Sensitivity Curve Example

  • Mean is unbounded
  • Median and Hodges–Lehmann is bounded (estimators change slightly and changes soon become constant)

Influence Function

  • Sensitivity curve depends on sample \(x_1,x_2,\dots,x_n\)
  • Influence function depends on the population distribution \(F\)
  • It's a functional: a function that takes another function as its argument
  • Denote functional as \(T(F)\), e.g. median \(T(F) = F^{-1}(1/2)\)
  • Then using Gateaux derivatives (directional derivatives for functionals) \[ L_F(x) = lim_{\epsilon\to 0} \frac{T((1-\epsilon)F + \epsilon \delta_x)-T(F)}{\epsilon} \] with the point mass \(\delta_x\) corresponding to adding an outlier \(x\)

Influence Function

  • An estimator is robust if its influence function is bounded
  • The influence function for our estimators are (up to constant of proportionality and center)
    • Mean: \(x\),
    • Median: \(\operatorname{sign}(x)\), and
    • HL: \(F(x) − 0.5\)
  • Hence, mean is not robust, but median and HL are robust

Influence Function Example

Breakdown Point of an Estimator

  • Suppose we contaminate \(n-m\) points in our sample \[ \boldsymbol{x}_n^* = (x_1,\dots,x_m,x_{m+1}^*,\dots,x_n^*) \]
  • Consider the contamination to be as very large (close to \(\infty\))
  • Breaking point: the smallest value \(n-m\) so that \(\widehat{\theta}(\boldsymbol{x}_n^*)\) is meaningless
  • Finite sample breakdown point: The ratio \(\frac{n-m}{n}\)
  • Asymptotic breakdown point: If it converges to a finite value as \(n \to \infty\)

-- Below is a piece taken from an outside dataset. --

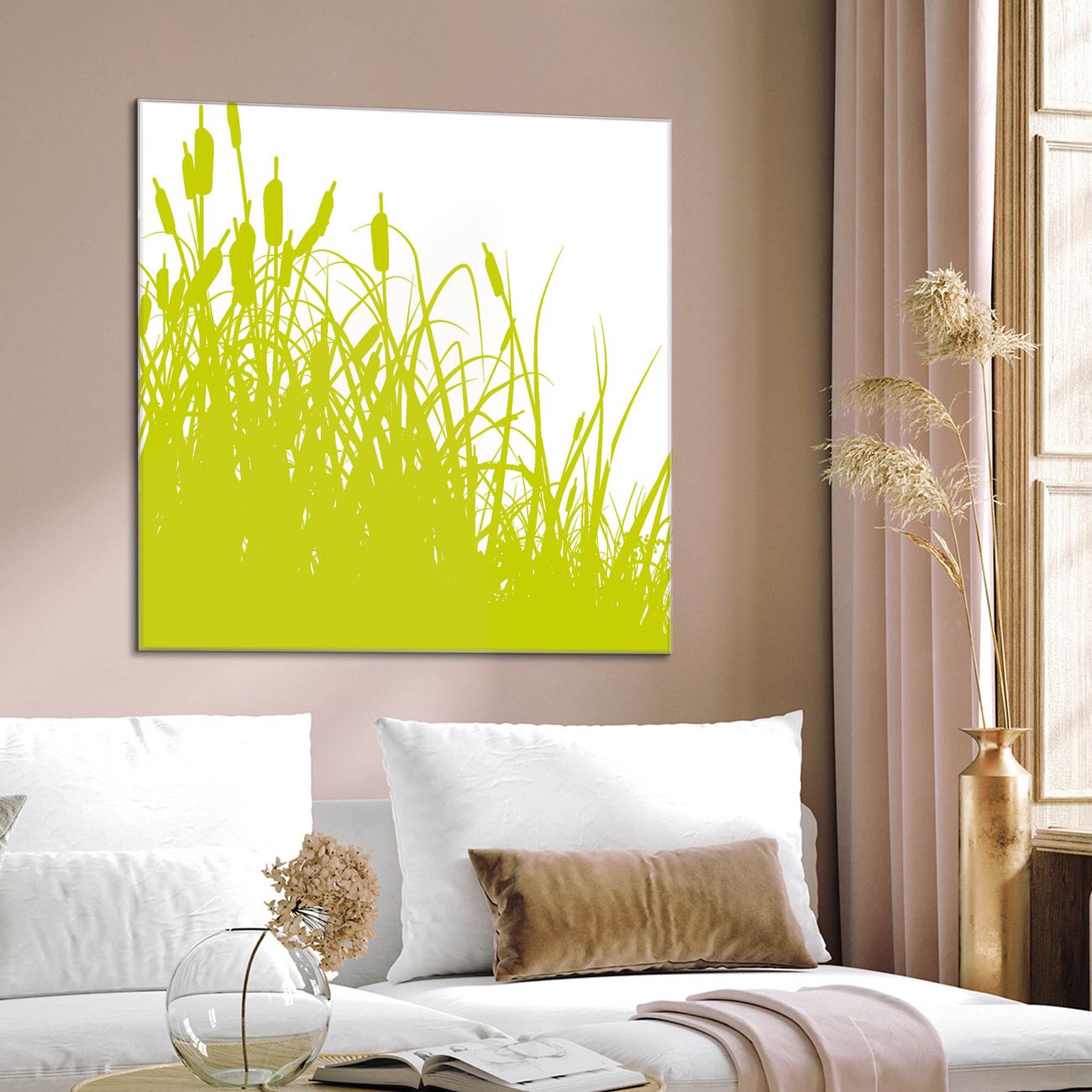 Quadratisches Wandbild aus Glas Schilf

Breakdown Point of an Estimator

  • Sample mean:
    • Finite sample BP: \(\frac{1}{n}\)
    • Asymptotic BP: \(0\)
  • Sample median:
    • Finite sample BP: \(\operatorname{floor}\left( \frac{n − 1}{2} \right)\)
    • Asymptotic BP: \(0.5\)
  • Hodges–Lehmann estimator:
    • Asymptotic BP: \(0.29\)

Breakdown Point of an Estimator

The median of the Walsh averages, stays with the majority.

\[ \begin{align} \# \text{good points} & > \# \text{bad points} \\ \frac{m(m+1)}{2} & > \frac{n(n+1) - m(m+1)}{2} \\ m(m+1) & > \frac{n(n+1)}{2} \end{align} \]

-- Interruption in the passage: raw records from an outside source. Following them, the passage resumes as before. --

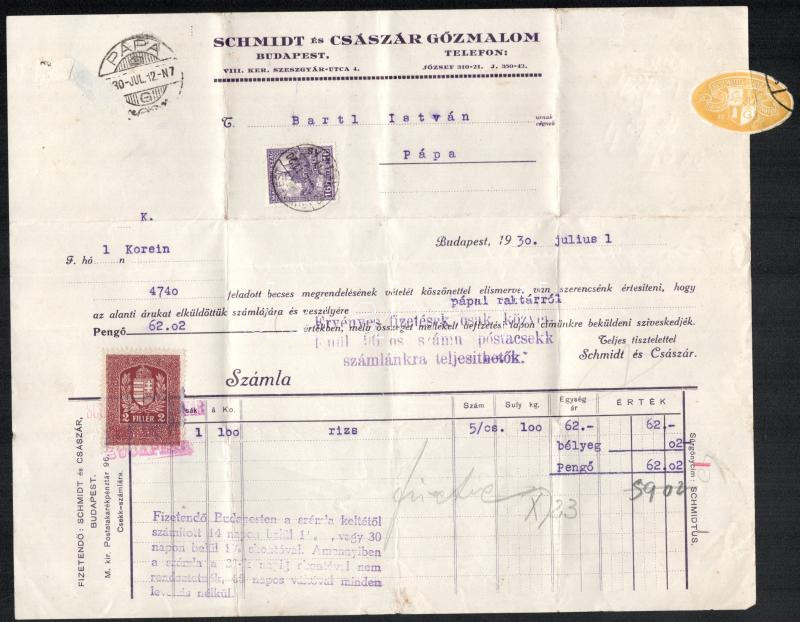1930 Schmidt és Császár Gőzmalom R.T. fejléces számla, sárga színű céges, védjegyes levélzáró bélyeggel
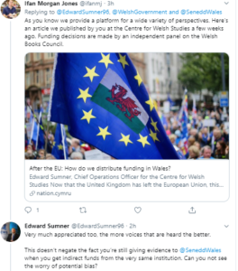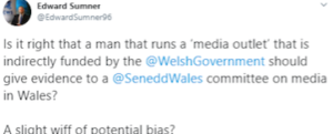 The commentator, Edward Sumner, asked provocatively about Ifan Morgan Jones, Editor of Nation.Cymru (NC): “Is it right that a man that runs a ‘media outlet’ that is indirectly funded by the @WelshGovernment should give evidence to a @SeneddWales committee on media in Wales? A slight whiff of potential bias?”
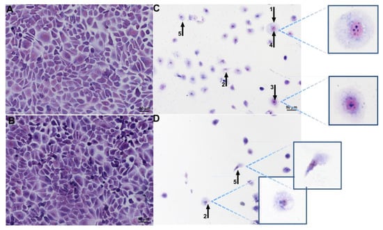 Morphological changes of SCC-25 cells assessed by Giemsa staining, after 24 h of treatment. (A) Negative control; (B) Vector control (hydrogel without VADE) at higher concentration; (C) VADE-loaded-hydrogel at the concentration of 250 µg/mL and (D) 500 µg/mL. The arrows and insets in (C,D) highlight the most important cellular morphological alterations, such as: 1—rounding and swelling; 2—vacuoles; 3—chromatin condensation; 4—chromatin fragmentation; 5- lysis. The intensive cellular lysis was detected at a higher concentration of VADE-loaded-hydrogel (D). Scale bars = 50 µm.
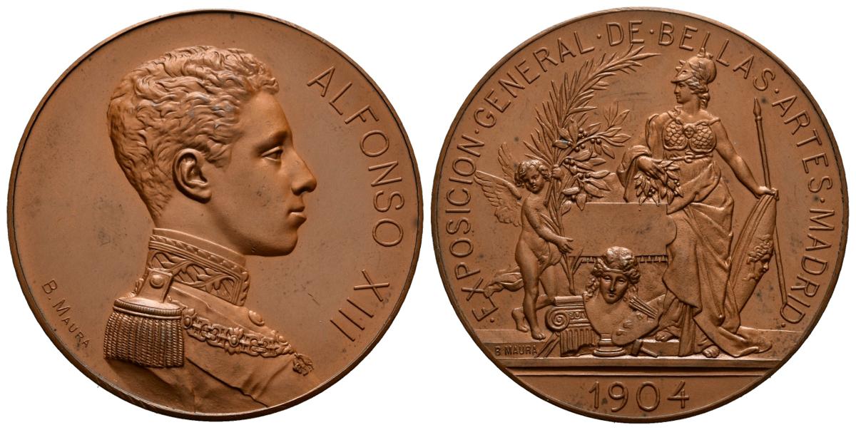 ALFONSO XIII (1885-1931). Exposición General de Bellas Artes. (Ae. 55,87g/49mm). 1904. Madrid. Grabador: B. Maura. (Vives 612). EBC+. Magnífica pieza.
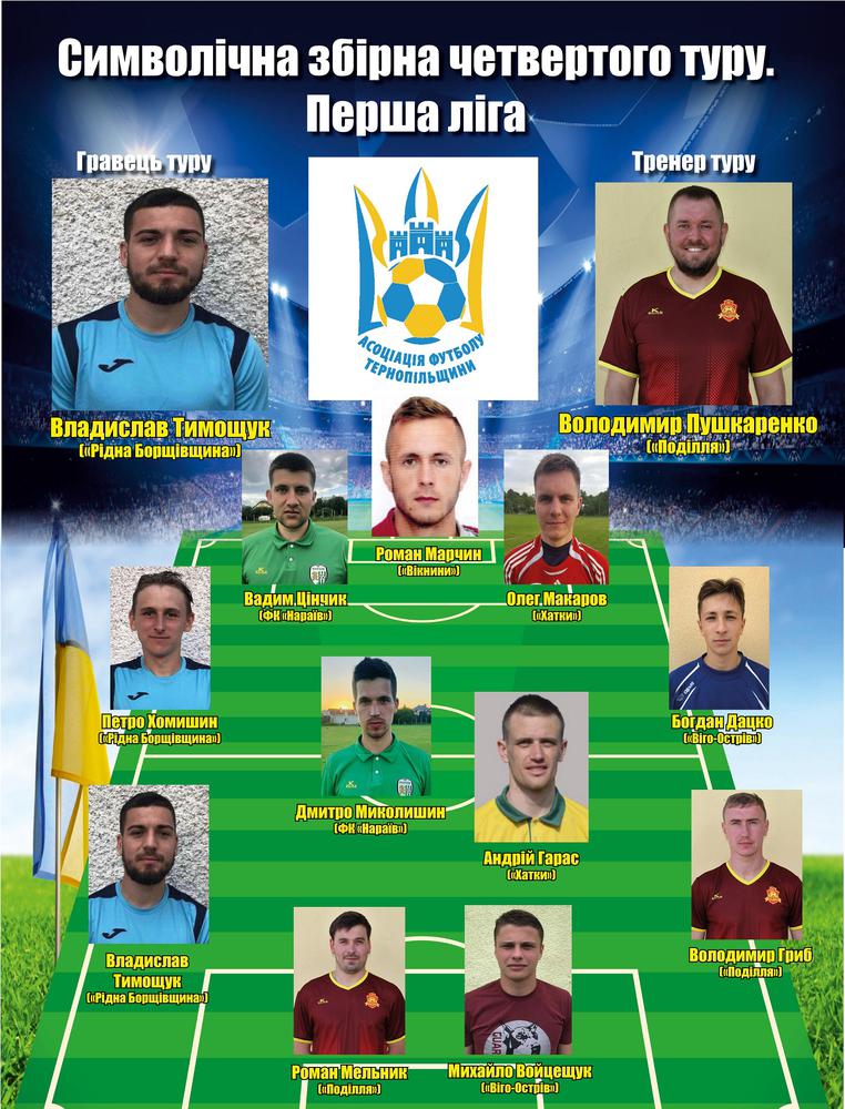 Пропонуємо до Вашої уваги символічну збірну четвертого туру першої ліги чемпіонату Тернопільської області 2020 року за версією Асоціації футболу Тернопільщини.
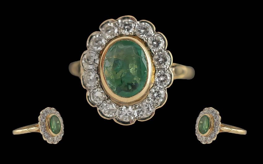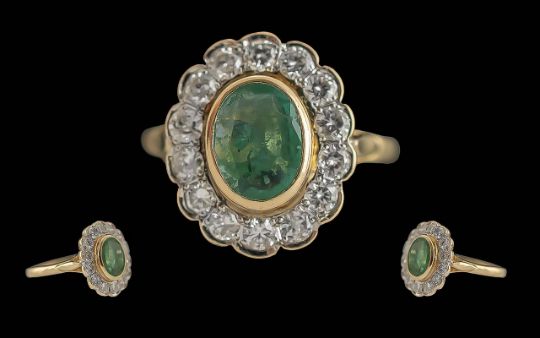 Ladies - Pleasing Quality 18ct Gold Diamond and Emerald Set Cluster Ring, Full Hallmark to Interior of Shank. The Central Oval Shaped Emerald Surrounded by 14 White Faceted Diamonds. Emerald Est Weight 1.50 cts, Diamond Est Weight 1.20 cts. Ring Size N. Weight 4.3 grams. Shank / Setting Very Good Condition.
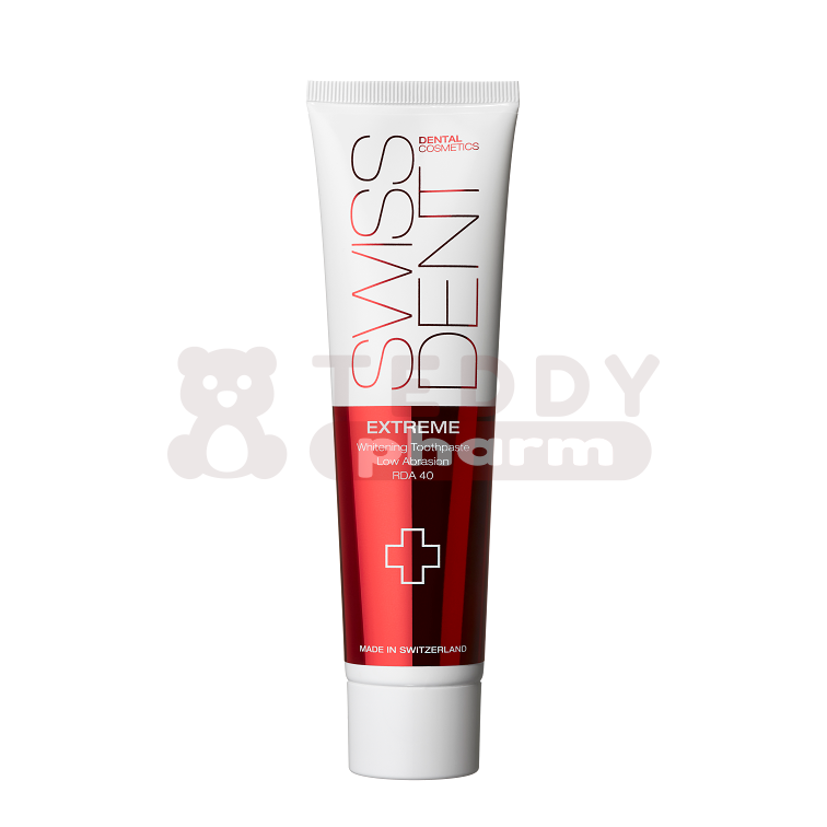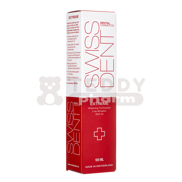 Extrem wirksame Formel mit einer doppelten Dosis von natürlichen Enzymen und Nanoxyd enthält Speisesoda, die die äußere markante Pigmentation wirkungsvoll entfernt. Das zugegebene Coenzym Q10 und Vitamin E revitalisieren das Zahnfleisch und sorgen für dessen Gesundheit. Der markante Menthol-Geschmack der Zahnpaste Swissdent Extreme erfrischt den Atem für mehrere Stunden.

Breakdown Point of an Estimator

  • Obtaining finite sample BP is messy, asymptotic is easier: \[m(m+1) > \frac{n(n+1)}{2} \Leftrightarrow \frac{m(m+1)}{n(n+1)} > \frac{1}{2}\]
  • let \(x = m/n\) and \(x \approx (m+1)/(n+1)\)
  • then \(x^2 > \frac{1}{2} \Leftrightarrow x > \frac{1}{\sqrt{2}}\)
  • convert to BP \(\frac{1}{\#bad} = 1 - \frac{1}{\#good}\): \[1-\frac{1}{\sqrt{2}} \approx 0.29\]
  • More details are here

Breakdown Point of an Estimator

  • Instead of testing for normality to decide whether to use a \(t\)-test or the Wilcoxon test
  • It is easier to use the notion of robustness of an estimator and their associated procedures
  • There are too many ways that a distribution can deviate from normality
  • How much robustness do we need? Is \(0.29\) enough or \(0.5\) really necessary?
  • Sample median preferred over Hodges–Lehmann estimator?
    • Based on breakdown point: yes
    • This however ignores estimator efficiency (we talk about this later)